Chile Plans Capital Market Tax Reforms
Wednesday, August 11, 2010
Chile has scheduled a new bill for Congress this month which aims to clarify the tax treatment of derivative products. It is accompanied by another bill on insurance.
At the inauguration of the seminar "Bicentennial Agenda" organized by the Center for Corporate Governance and Capital Markets at the University of Chile, finance minister, Felipe Larrain, said the current tax provisions deterred investors and smaller-sized companies from hedging their currency risks, and reduced the scope of Chile’s financial markets.
Currently, investors often paid taxes on derivatives, such as interest rate or currency hedges on the basis that they were speculative investments.

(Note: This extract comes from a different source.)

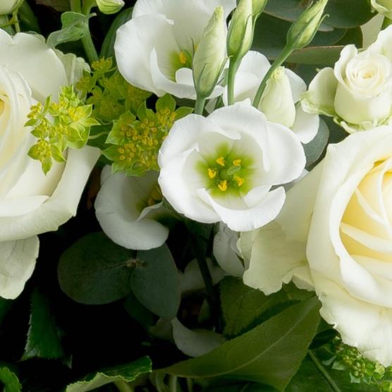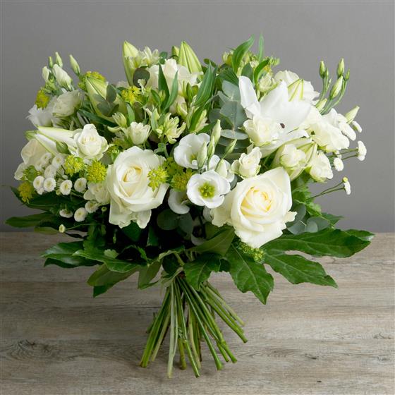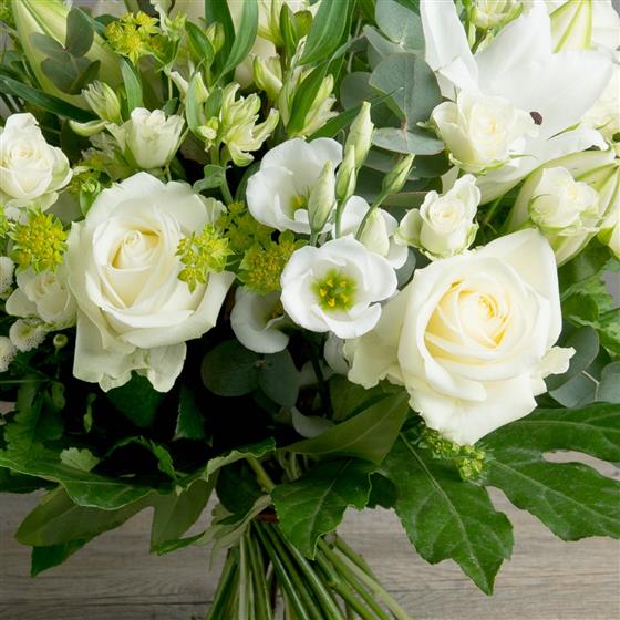 White oriental lilies and White avalanche roses interspersed with white alstromeria and eucalyptus

The bill would determine whether derivative transactions with foreign counterparts are subject to an extra 35% tax on income.
“We want to make sure Chilean companies, especially smaller ones, have access to hedges with the legal certainty that it will be treated as a hedge and not as speculation because they pay different tax rates,” Larrain said. “It’s very important that we clarify this to stimulate the use of derivatives so people can protect themselves from risk.”
At the same seminar, it was mentioned that the central bank was seeking to have the Chilean peso listed with the Euroclear and CLS Bank clearing and settlement systems.
Larrain said his ministry was also working on a review of the current structure of financial supervision, which is currently administered by the Superintendency of Securities and Insurance (SVS) and Banks and Financial Institutions (SBIF).
These initiatives were said to be part of the Bicentennial Capital Market (BKM) agenda which would enable Chile to reduce its dependence on commodities and become a net exporter of financial services.
The strategic objectives of BKM are to “integrate the domestic financial market with the world, create a regulatory framework that encourages innovation and entrepreneurship, adopt international best practice regarding competition, oversight and transparency, and increase productivity, liquidity and access to financial system”.
With regard to the planned integration of the Chilean, Colombian and Peruvian stock markets, Guillermo Tagle, executive director at local investment bank IM Trust this week told the Wall Street Journal there were still many regulatory and tax hurdles to clear.